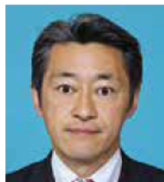
いまい ともひろ 今井 智広 公明党
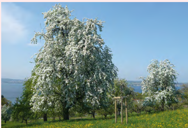
Photo: Splendide floraison d'un Grünmostler au Lac de Constance

La Pomologie traite de la connaissance des variétés fruitières en les identifiant, les décrivant, les conseillant et les préservant.
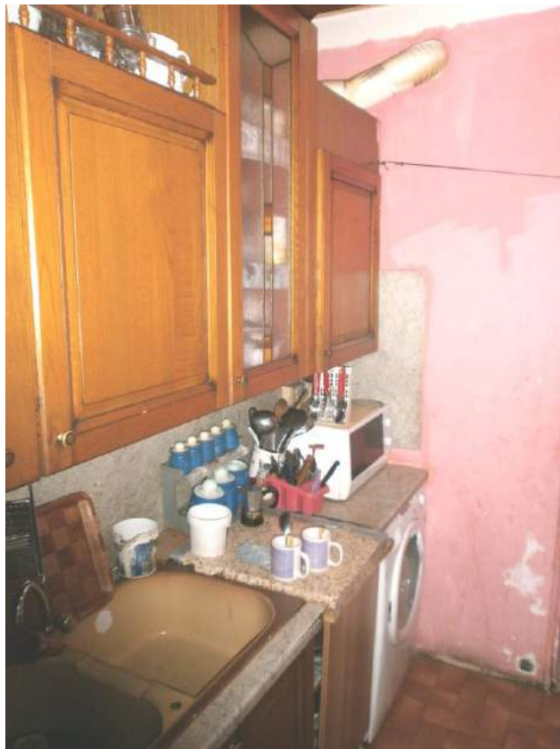
- FOTO 14 - CUCINA -
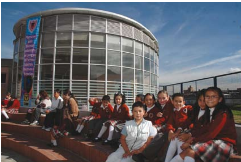
Normal Superior María Montessori, Localidad Rafael Uribe Uribe
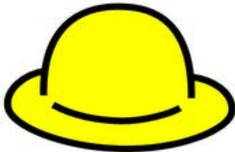
Lógica positiva Beneficios y ventajas
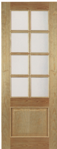
• • • R1V8
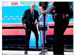
La primera dama, Jill Biden, tuvo que ayudarlo a bajar los pequeños escalones del escenario tras el evento.

Preocupación entre demócratas: La opción de sustituir a Joe Biden toma fuerza en su partido tras mal desempeño en debate

------------------------------------------------------------

> [Task objective]
Return each line of the preceding material in which "tras" can be found.

> [Expected output]
La primera dama, Jill Biden, tuvo que ayudarlo a bajar los pequeños escalones del escenario tras el evento.
Preocupación entre demócratas: La opción de sustituir a Joe Biden toma fuerza en su partido tras mal desempeño en debate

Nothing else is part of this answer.